MAXPALI - Editorial

PROBLEM LINK:

Contest Division 1
Contest Division 2
Contest Division 3
Practice

Setter: Daanish Mahajan
Tester: Tejas Pandey and Utkarsh Gupta
Editorialist: Taranpreet Singh

DIFFICULTY

Easy

PREREQUISITES

Observation

PROBLEM

You are given an integer N \geq 2. Construct string S of length N containing only lowercase Latin alphabets, such that

  • S contains at least 2 distinct characters.
  • The number of circular shifts of S which are palindromes is maximum among all strings of length N containing at least 2 distinct characters.

If there are multiple possible strings satisfying this condition, you may print any of them.

Note that a string of length N has exactly N circular shifts - even if some of them might be equal as strings, they are considered to be different shifts as long as they are obtained by shifting S by different amounts. For example, \verb+ababab+ has 6 circular shifts even though they only form 2 distinct strings between them (namely \verb+ababab+ and \verb+bababa+).

QUICK EXPLANATION

  • If N is a multiple of 4, we can repeat string 'abba' N/4 times, to obtain N/2 cyclic shifts which are palindrome.
  • Otherwise, if P \gt 2 is the smallest factor of N, then we can repeat string 'abbb... (P-1) times' N/P times, leading to N/P palindromic cyclic shifts of string.
  • For N = 2, we can choose string 'ab'

EXPLANATION

Draft proof that string with at least 2 distinct characters cannot have more than N/2 palindromic cyclic shifts.

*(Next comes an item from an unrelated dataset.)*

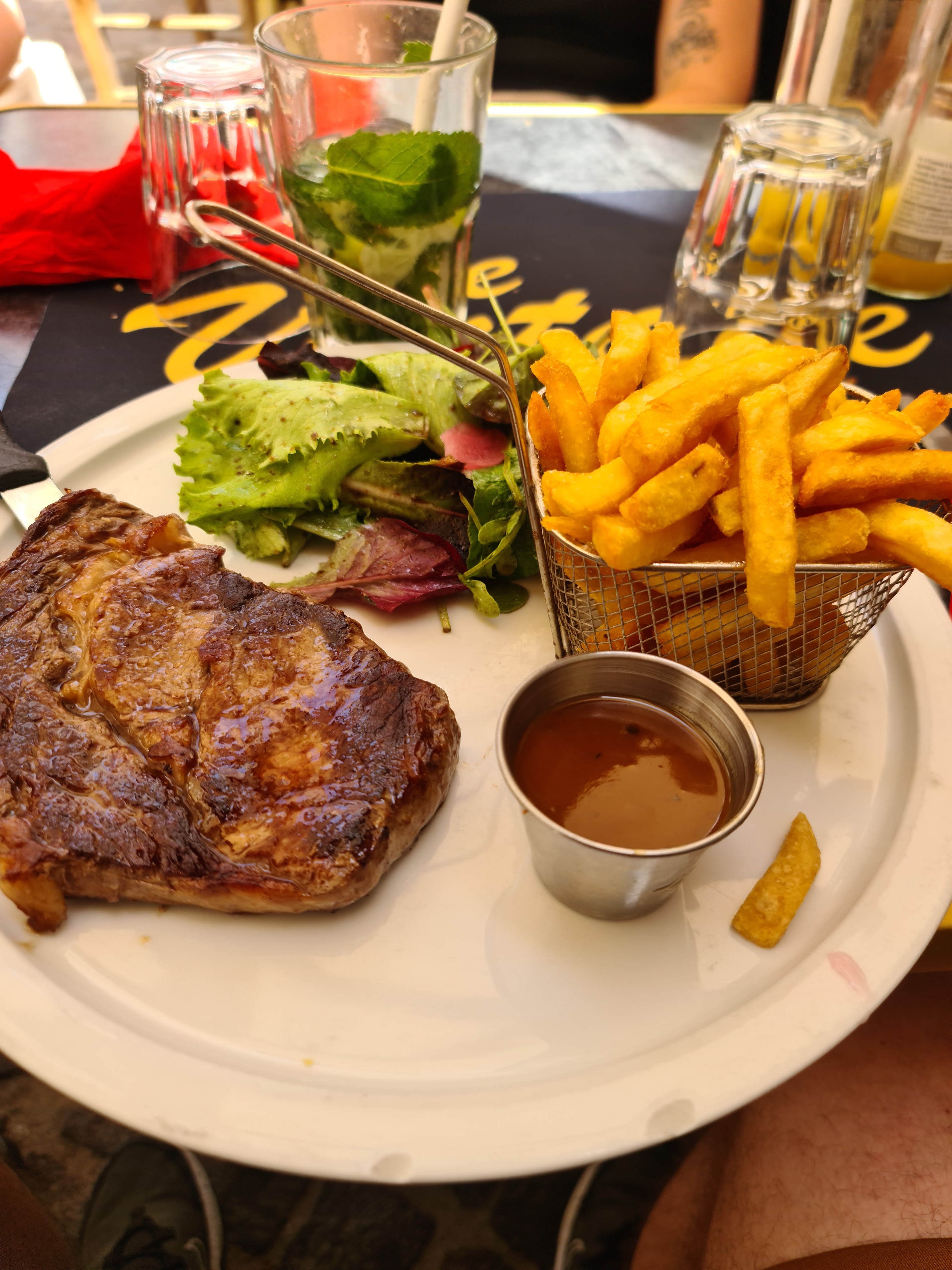 Le Vintage was a really good restaurant. It was relaxed, yet the food was excellent. I had a delicious goat's cheese starter and some sort of lamb dish. It was a bit like shepherd's pie, but in a much more French and sophisticated way. The service was very friendly and tolerant of our - sadly - woeful French. The prices seemed reasonable and it was a great dining experience. We went early (with children), so the restaurant wasn't very full. Even so, it was a lively atmosphere, with French music playing. I can imagine if you arrive later it would be very vibrant. Great, authentic food.

Firstly, the fact that the string S must contain at least 2 distinct characters. For a string to be palindromic, each position p in the string is paired to position N-p+1 (excluding middle character for odd N). Considering each cyclic shift, the position p will be paired to each other position exactly once for odd N, and at least N/2 of the positions for even N.

So, we can prove that for any string containing at least 2 distinct characters, we cannot obtain more than N/2 palindromic shifts.

Idea

Now that we know that we cannot obtain more than N/2 palindromic cyclic shifts, let’s see for which N we can.

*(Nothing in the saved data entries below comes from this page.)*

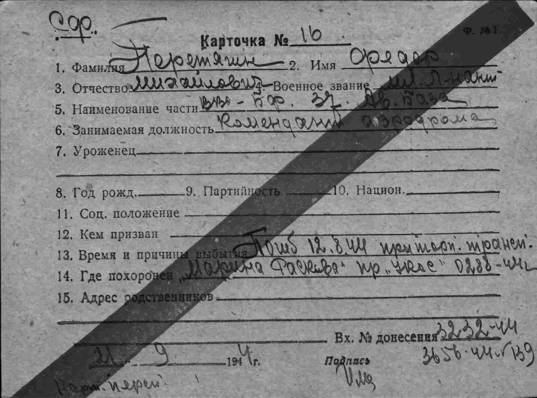 Карточка (ЦВМА, Картотека безвозвратных потерь).
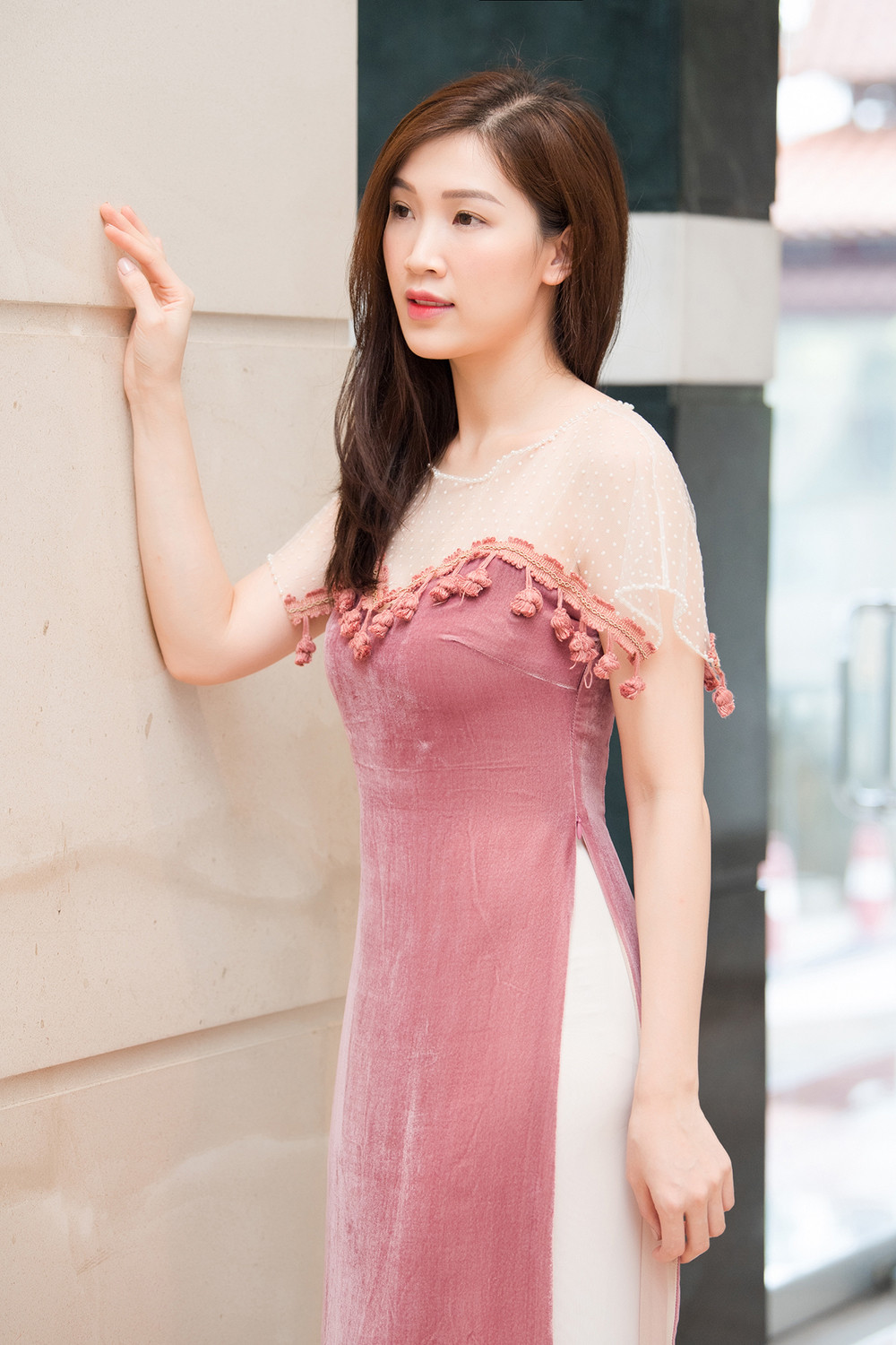 Hoa hậu Áo dài Phí Thuỳ Linh dịu dàng với áo dài màu hồng phấn.
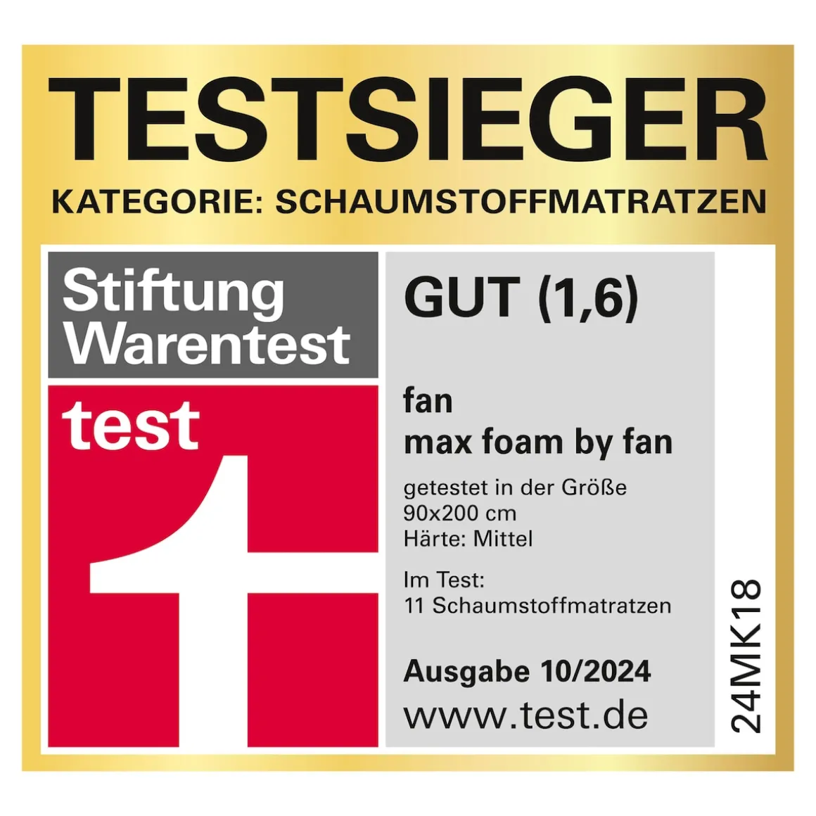 Wer morgens mit Rückenschmerzen aufwacht oder nachts ständig die Schlafposition wechseln muss, weiß: Eine gute Matratze macht den Unterschied. Die max foam Matratze passt sich flexibel an – ganz gleich, ob Sie auf dem Rücken, der Seite oder dem Bauch schlafen. Der punktelastische Hybridschaum sorgt für angenehme Druckentlastung, die viscoelastische Schicht für spürbare Anpassung – auch bei mehr Gewicht. Im Inneren stützt ein 5-Zonen-Kern gezielt dort, wo Ihr Körper es braucht. Einfaches Handling, ein Umdrehen von Ober- auf Unterseite ist nicht nötig sowie praktisch im Alltag: Der Bezug ist teilbar, leicht abnehmbar und bei 60 °C waschbar – ideal für alle, die auf Hygiene achten.

If N = 2, then only string 'ab' can be chosen, with no palindromic cyclic shifts.

If N is a multiple of 4, then we can choose string S as repeating string 'abba' N/4 times. This string would have exactly N/2 palindromic cyclic shifts.

One other approach we have for odd prime N is to choose the middle character 'b' and the rest all 'a'. We can see that it has exactly one palindromic cyclic shift, which would be the maximum possible.

For general N, we can find smallest prime P \gt 2 which divides N. We can repeat the above string exactly N/P times to obtain N/P palindromic cyclic shifts.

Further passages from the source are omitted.